5. Use `ConfigRegistry` and `SeederProvider` only as shared bootstrap infrastructure. The concrete registrations remain in the host app.

## Supported Environment Variables

- `REPO_DATABASE=memory|mongo|postgres`
- `MONGO_DSN`
- `MONGO_DB`
- `POSTGRES_USER`
- `POSTGRES_PASSWORD`
- `POSTGRES_HOST`
- `POSTGRES_PORT`
- `POSTGRES_DB`

## Local Development

Create the local environment and run tests from the library root:

```bash
poetry lock
poetry install --with dev
poetry run pytest -q
```

Current validation baseline:

- `persistence_kit`: `138 passed`

## Publish to PyPI (Manual)

```bash
python -m pip install --upgrade build twine
python -m build
python -m twine check dist/*
python -m twine upload dist/*
```

## Automated Publish via GitHub Actions

This repository includes a workflow at `.github/workflows/publish-pypi.yml`.

It publishes to PyPI when:

- a GitHub Release is published
- the release tag points to the current `main` HEAD

Prerequisite:

- Configure PyPI Trusted Publishing for this repository and workflow file.

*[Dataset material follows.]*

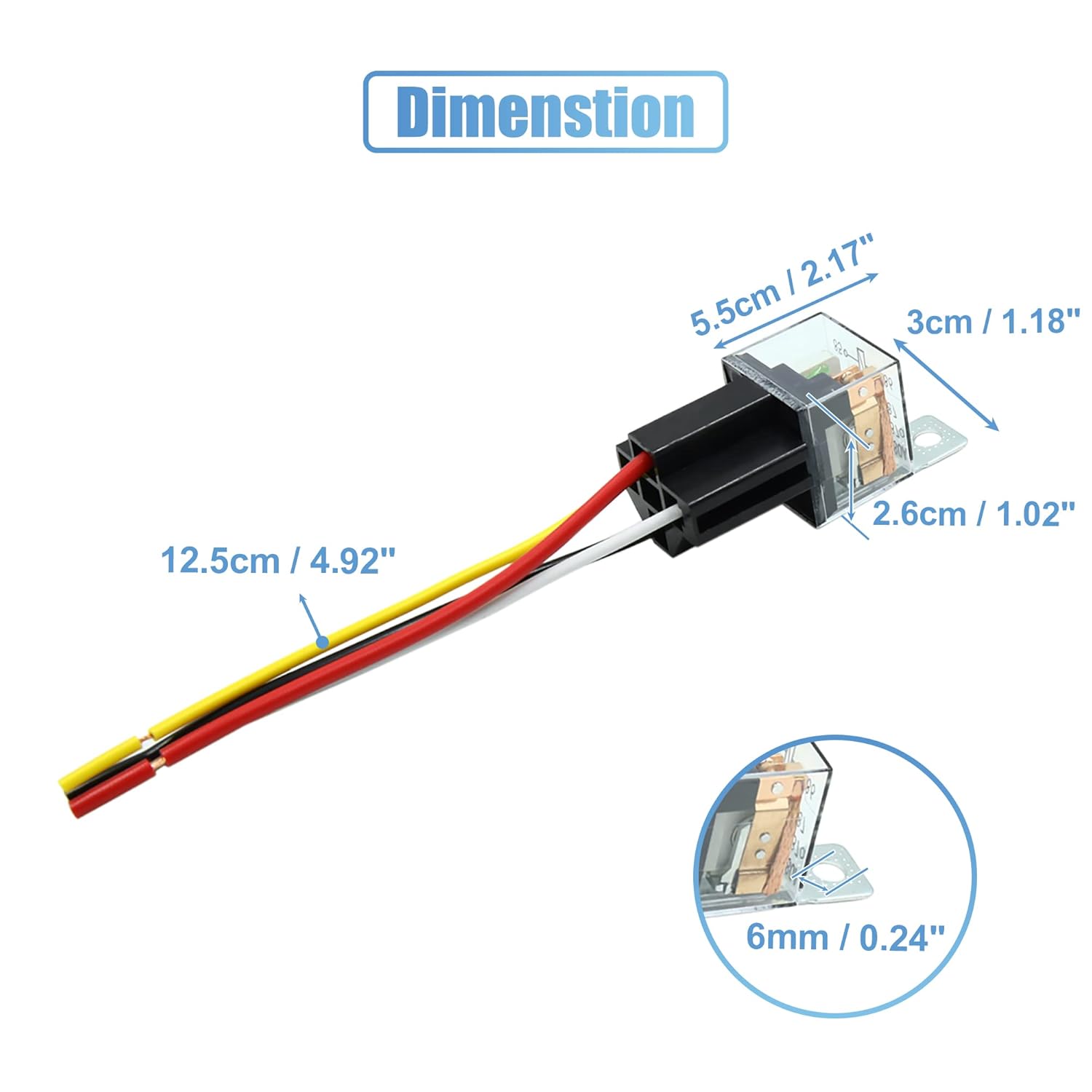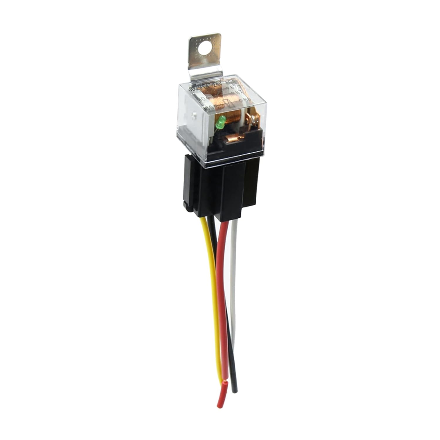 O relé de fusível universal uxcell JD-2914 é uma solução robusta e confiável para veículos, projetado para suportar até 80A de corrente em um sistema de 24V DC. Com 4 pinos, este relé é ideal para automóveis e motocicletas, oferecendo uma conexão segura e eficiente para diversos componentes elétricos. A configuração dos fios é simples e intuitiva: o fio preto é destinado à entrada de energia (Pino 30), o branco é o positivo (Pino 85), o amarelo é o negativo (Pino 86) e o vermelho é a saída normalmente aberta (Pino 87). Quando os pinos 85 e 86 recebem energia, os pinos 30 e 87 se conectam, permitindo que a corrente flua e acenda a luz indicadora.

## Preview Releases Without PRs

Use `.github/workflows/publish-preview.yml` to publish directly from GitHub Actions
without merging a PR.

How it works:

- Trigger `Publish Preview Package` manually from the Actions tab.
- Enter a `version` (for example `0.1.1.dev1` or `0.1.2.dev1`).
- Choose target repository: `testpypi` (recommended) or `pypi`.
- The workflow patches `pyproject.toml` version only inside the CI run, builds, and publishes.
- No commit and no PR are required for this preview publish flow.

Important:

- Prefer `*.devN` versions for preview builds.
- PyPI/TestPyPI do not allow re-uploading the same file version.

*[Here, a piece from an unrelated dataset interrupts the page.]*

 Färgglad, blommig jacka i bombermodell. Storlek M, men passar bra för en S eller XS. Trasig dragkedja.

## Local Test Releases (No PR Required)

If you want to test changes from your machine in external projects without opening a PR,
publish a prerelease from local code to TestPyPI.

### 1. Create a TestPyPI token

- Create an API token in TestPyPI.
- Export it as environment variable:

```bash
export TWINE_PASSWORD="pypi-***"
```

### 2. Publish from local code

```bash
bash ./scripts/publish-local.sh 0.1.1.dev1 testpypi
```

You can publish another local iteration with a new version:

```bash
bash ./scripts/publish-local.sh 0.1.1.dev2 testpypi
```

### 3. Install from external projects

```bash
pip install --index-url https://test.pypi.org/simple/ --extra-index-url https://pypi.org/simple persistence-kit==0.1.1.dev1
```

## Recommended Release Strategy

- Local experimental testing: publish `0.x.y.devN` to TestPyPI from local machine.
- Official release: publish `0.x.y` to PyPI through GitHub Release (`publish-pypi.yml`).